• **Directions**
Word for word, write the lines below out again, with no pictures.

• **Data segment**
————————

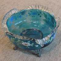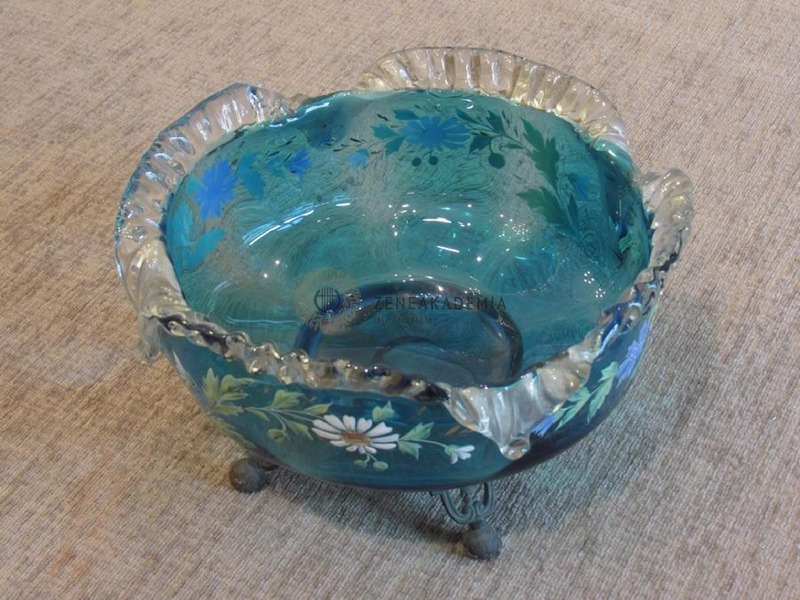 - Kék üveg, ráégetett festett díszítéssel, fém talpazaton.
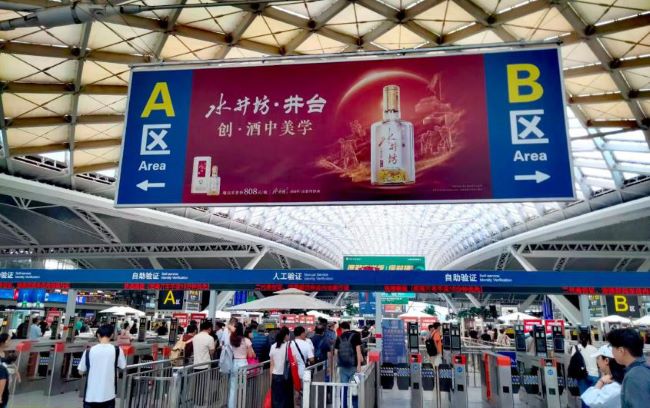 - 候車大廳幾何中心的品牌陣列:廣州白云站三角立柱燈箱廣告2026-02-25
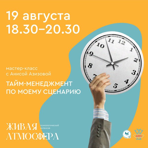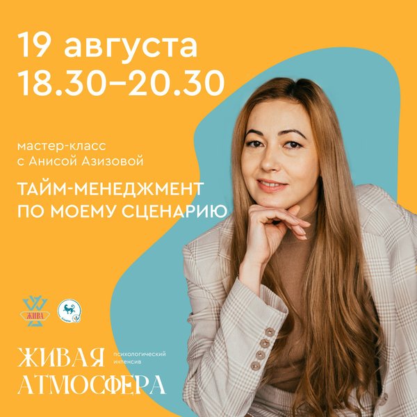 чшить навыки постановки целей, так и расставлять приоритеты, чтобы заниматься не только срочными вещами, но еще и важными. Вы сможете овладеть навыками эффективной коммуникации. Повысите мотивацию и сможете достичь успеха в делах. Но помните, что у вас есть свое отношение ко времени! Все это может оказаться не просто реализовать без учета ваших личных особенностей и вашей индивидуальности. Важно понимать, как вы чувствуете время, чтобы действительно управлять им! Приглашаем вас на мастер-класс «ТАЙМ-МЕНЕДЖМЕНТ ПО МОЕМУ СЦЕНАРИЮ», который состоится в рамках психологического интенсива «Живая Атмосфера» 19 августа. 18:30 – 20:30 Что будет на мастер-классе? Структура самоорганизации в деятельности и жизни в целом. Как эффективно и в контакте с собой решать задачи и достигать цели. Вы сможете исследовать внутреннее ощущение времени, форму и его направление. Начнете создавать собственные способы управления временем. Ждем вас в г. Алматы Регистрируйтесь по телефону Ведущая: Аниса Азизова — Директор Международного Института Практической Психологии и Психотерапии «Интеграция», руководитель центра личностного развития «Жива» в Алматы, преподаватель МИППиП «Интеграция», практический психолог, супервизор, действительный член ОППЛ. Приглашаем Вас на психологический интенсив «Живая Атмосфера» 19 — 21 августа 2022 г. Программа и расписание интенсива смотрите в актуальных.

————————

• **Expected output**
 - Kék üveg, ráégetett festett díszítéssel, fém talpazaton.
 - 候車大廳幾何中心的品牌陣列:廣州白云站三角立柱燈箱廣告2026-02-25
 чшить навыки постановки целей, так и расставлять приоритеты, чтобы заниматься не только срочными вещами, но еще и важными. Вы сможете овладеть навыками эффективной коммуникации. Повысите мотивацию и сможете достичь успеха в делах. Но помните, что у вас есть свое отношение ко времени! Все это может оказаться не просто реализовать без учета ваших личных особенностей и вашей индивидуальности. Важно понимать, как вы чувствуете время, чтобы действительно управлять им! Приглашаем вас на мастер-класс «ТАЙМ-МЕНЕДЖМЕНТ ПО МОЕМУ СЦЕНАРИЮ», который состоится в рамках психологического интенсива «Живая Атмосфера» 19 августа. 18:30 – 20:30 Что будет на мастер-классе? Структура самоорганизации в деятельности и жизни в целом. Как эффективно и в контакте с собой решать задачи и достигать цели. Вы сможете исследовать внутреннее ощущение времени, форму и его направление. Начнете создавать собственные способы управления временем. Ждем вас в г. Алматы Регистрируйтесь по телефону Ведущая: Аниса Азизова — Директор Международного Института Практической Психологии и Психотерапии «Интеграция», руководитель центра личностного развития «Жива» в Алматы, преподаватель МИППиП «Интеграция», практический психолог, супервизор, действительный член ОППЛ. Приглашаем Вас на психологический интенсив «Живая Атмосфера» 19 — 21 августа 2022 г. Программа и расписание интенсива смотрите в актуальных.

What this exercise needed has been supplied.